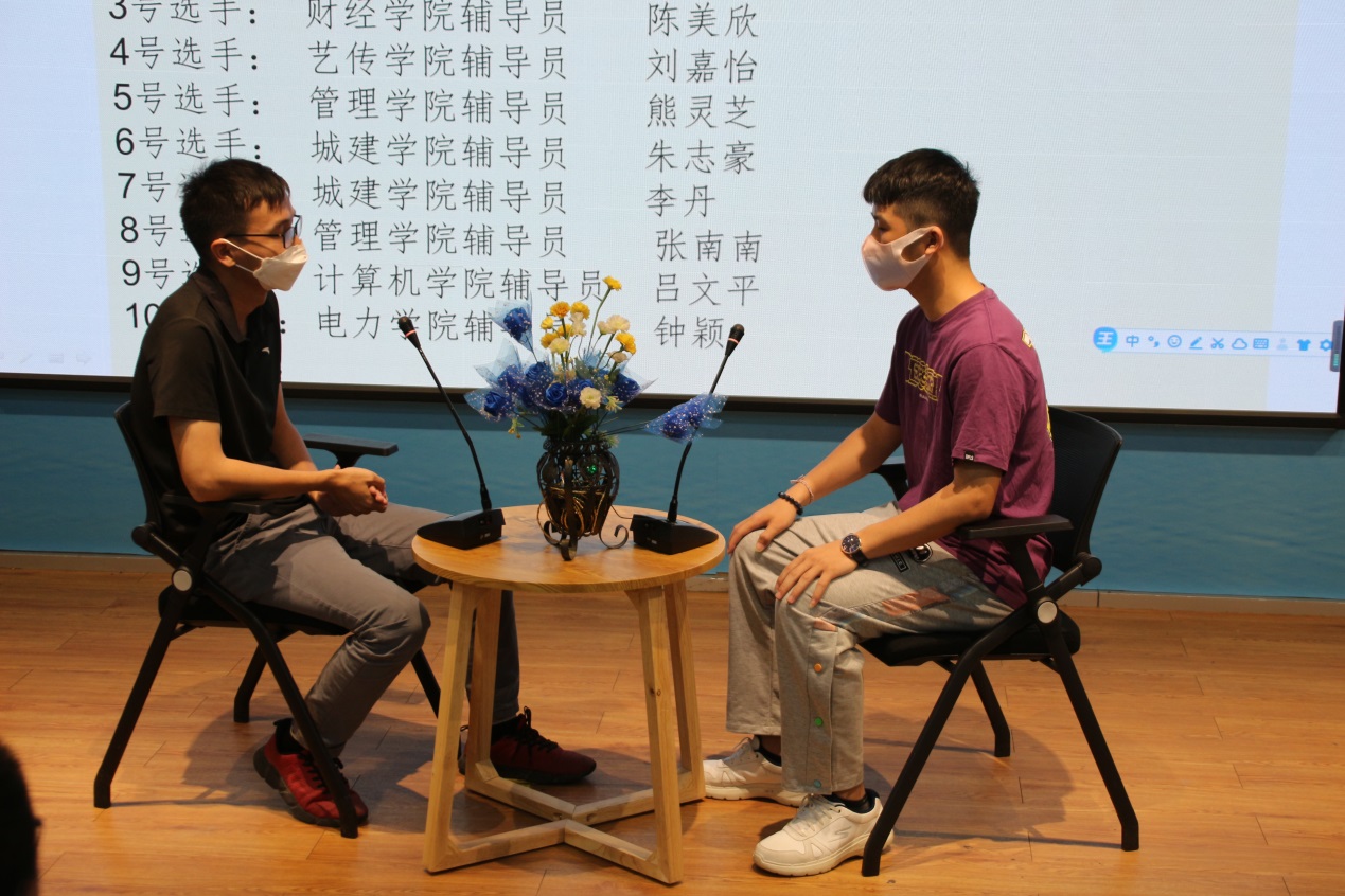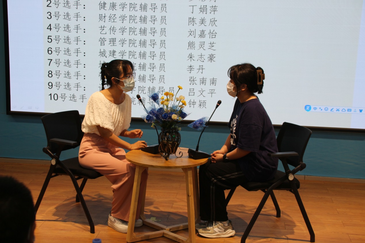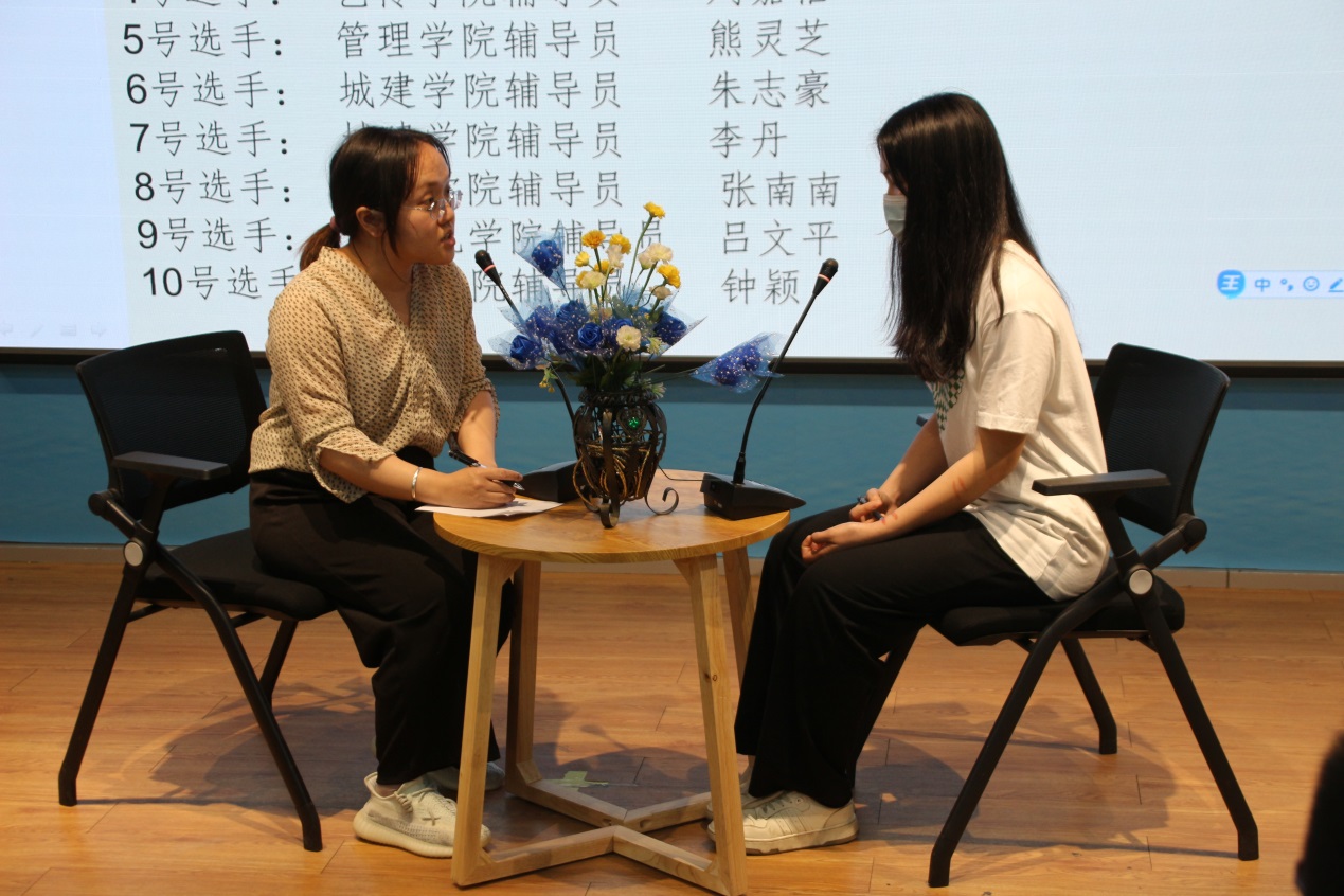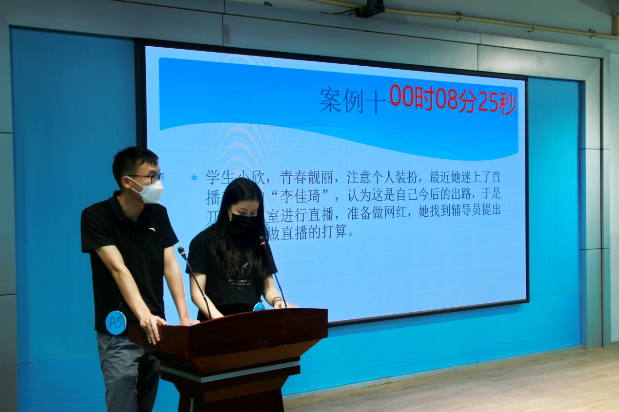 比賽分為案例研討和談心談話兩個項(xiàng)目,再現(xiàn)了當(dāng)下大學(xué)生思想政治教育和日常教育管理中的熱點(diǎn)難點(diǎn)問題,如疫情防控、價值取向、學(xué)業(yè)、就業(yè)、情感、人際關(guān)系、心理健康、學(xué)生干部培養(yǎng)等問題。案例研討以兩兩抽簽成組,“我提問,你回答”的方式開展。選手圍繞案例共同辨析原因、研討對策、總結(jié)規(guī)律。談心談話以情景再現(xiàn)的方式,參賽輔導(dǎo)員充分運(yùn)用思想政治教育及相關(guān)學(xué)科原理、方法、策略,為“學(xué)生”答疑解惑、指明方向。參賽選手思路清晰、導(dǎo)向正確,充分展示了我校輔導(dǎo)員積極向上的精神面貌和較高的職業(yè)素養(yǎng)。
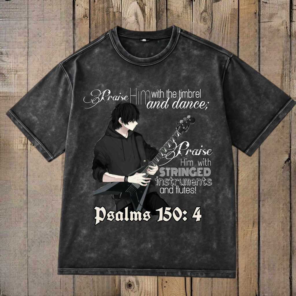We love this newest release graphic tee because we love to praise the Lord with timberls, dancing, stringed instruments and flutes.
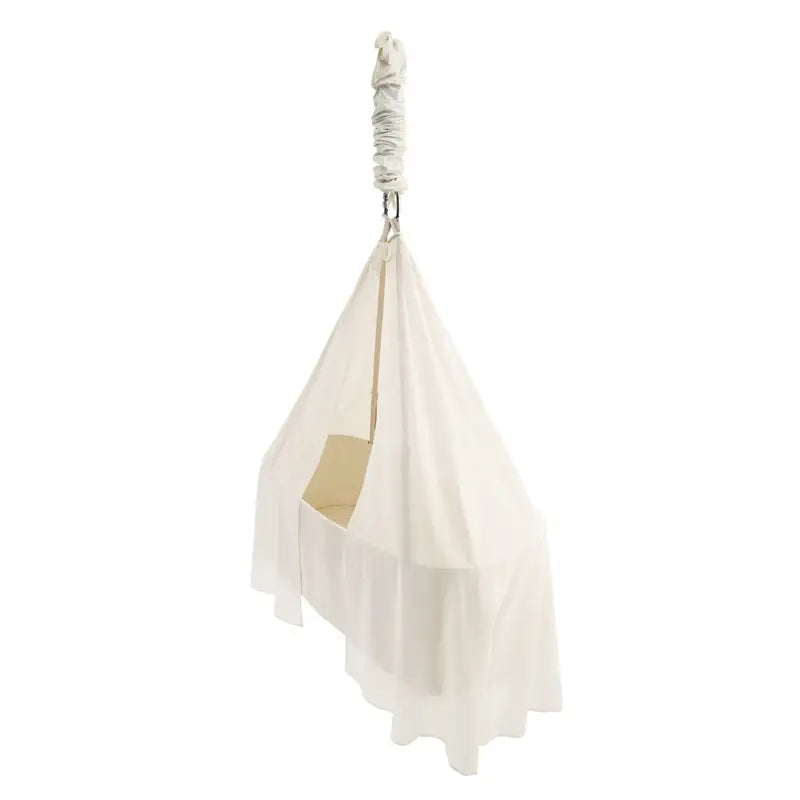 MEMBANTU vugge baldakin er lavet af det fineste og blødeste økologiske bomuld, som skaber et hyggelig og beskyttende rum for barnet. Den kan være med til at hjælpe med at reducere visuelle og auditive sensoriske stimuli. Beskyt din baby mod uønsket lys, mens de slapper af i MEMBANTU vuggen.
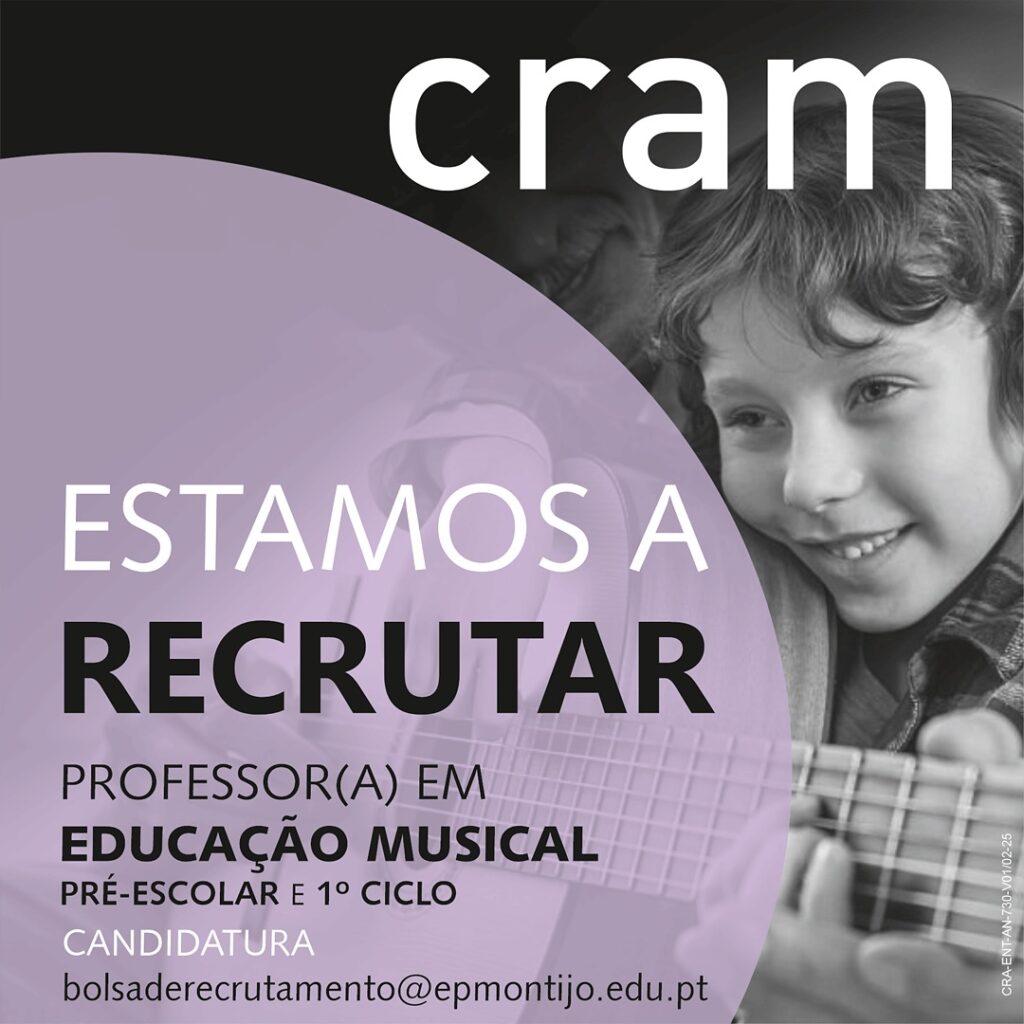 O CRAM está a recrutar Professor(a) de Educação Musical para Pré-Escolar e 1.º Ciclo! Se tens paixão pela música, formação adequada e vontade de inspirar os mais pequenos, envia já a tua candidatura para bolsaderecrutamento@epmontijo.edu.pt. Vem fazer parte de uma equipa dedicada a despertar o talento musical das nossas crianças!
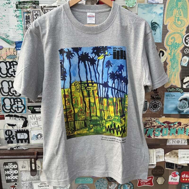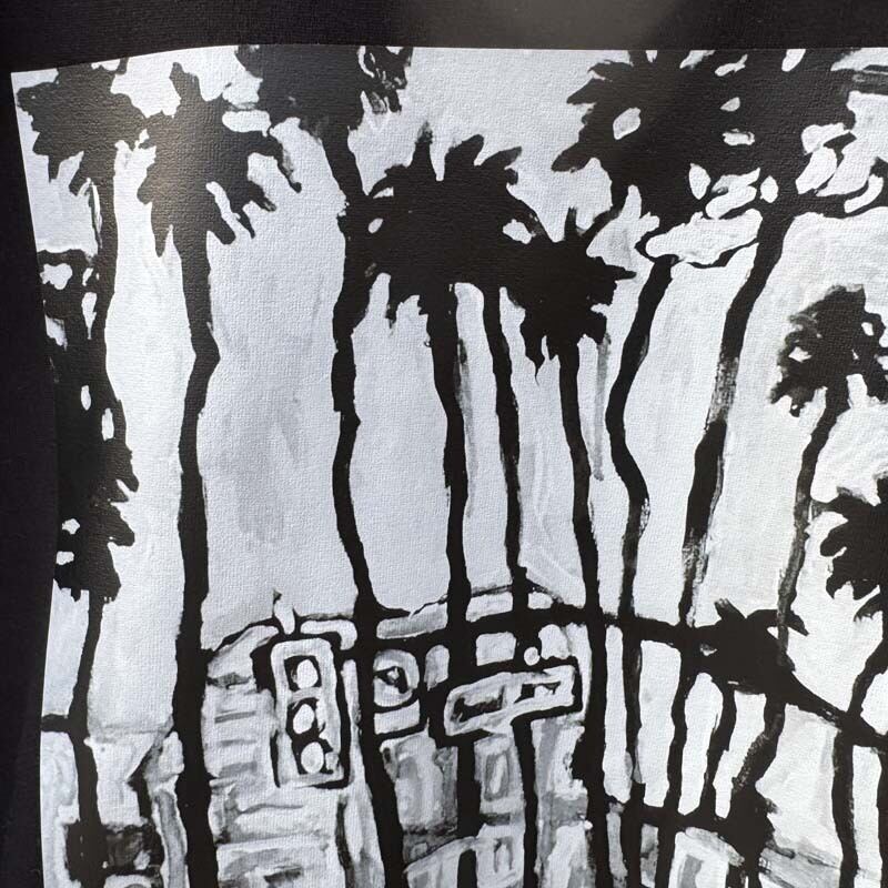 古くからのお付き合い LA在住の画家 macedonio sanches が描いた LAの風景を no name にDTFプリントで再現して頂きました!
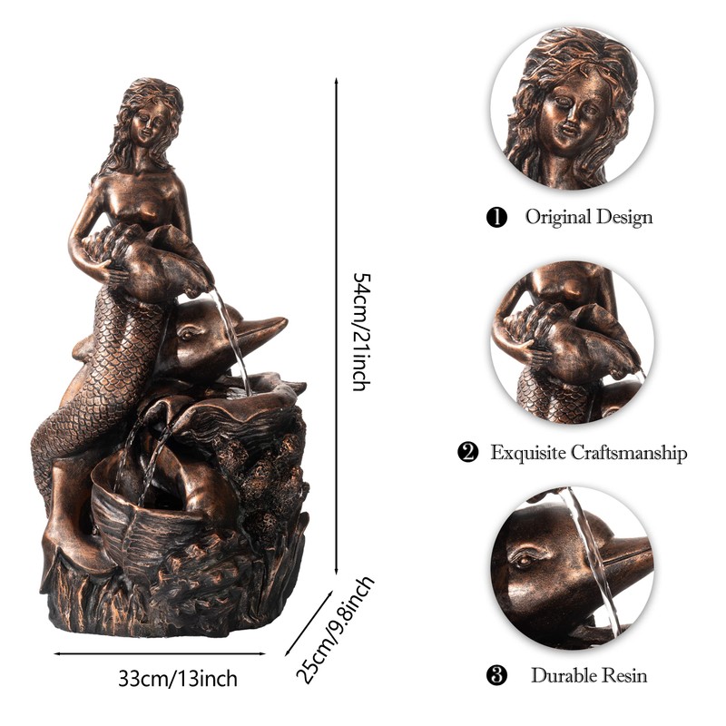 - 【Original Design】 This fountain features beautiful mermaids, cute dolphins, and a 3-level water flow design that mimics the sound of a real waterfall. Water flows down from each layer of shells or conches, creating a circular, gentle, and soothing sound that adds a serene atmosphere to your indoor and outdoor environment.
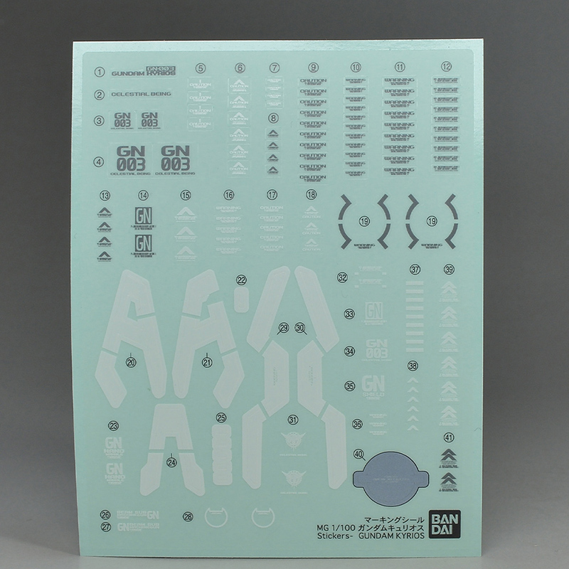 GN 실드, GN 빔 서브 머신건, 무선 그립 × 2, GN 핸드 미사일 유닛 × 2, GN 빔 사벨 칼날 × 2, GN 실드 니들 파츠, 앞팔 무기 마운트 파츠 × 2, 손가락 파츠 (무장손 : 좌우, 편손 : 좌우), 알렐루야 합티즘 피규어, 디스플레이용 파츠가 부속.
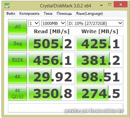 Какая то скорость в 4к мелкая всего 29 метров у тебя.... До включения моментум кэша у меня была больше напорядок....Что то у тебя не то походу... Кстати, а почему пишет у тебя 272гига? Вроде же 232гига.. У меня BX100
== == ==
Exercise instructions -
Above are entries with pictures among them. Write out exactly the lines from the one containing "MEMBANTU vugge baldakin" through the one containing "古くからのお付き合い LA在住の画家 macedonio", ends included, and leave those pictures out.

The answer -
 MEMBANTU vugge baldakin er lavet af det fineste og blødeste økologiske bomuld, som skaber et hyggelig og beskyttende rum for barnet. Den kan være med til at hjælpe med at reducere visuelle og auditive sensoriske stimuli. Beskyt din baby mod uønsket lys, mens de slapper af i MEMBANTU vuggen.
 O CRAM está a recrutar Professor(a) de Educação Musical para Pré-Escolar e 1.º Ciclo! Se tens paixão pela música, formação adequada e vontade de inspirar os mais pequenos, envia já a tua candidatura para bolsaderecrutamento@epmontijo.edu.pt. Vem fazer parte de uma equipa dedicada a despertar o talento musical das nossas crianças!
 古くからのお付き合い LA在住の画家 macedonio sanches が描いた LAの風景を no name にDTFプリントで再現して頂きました!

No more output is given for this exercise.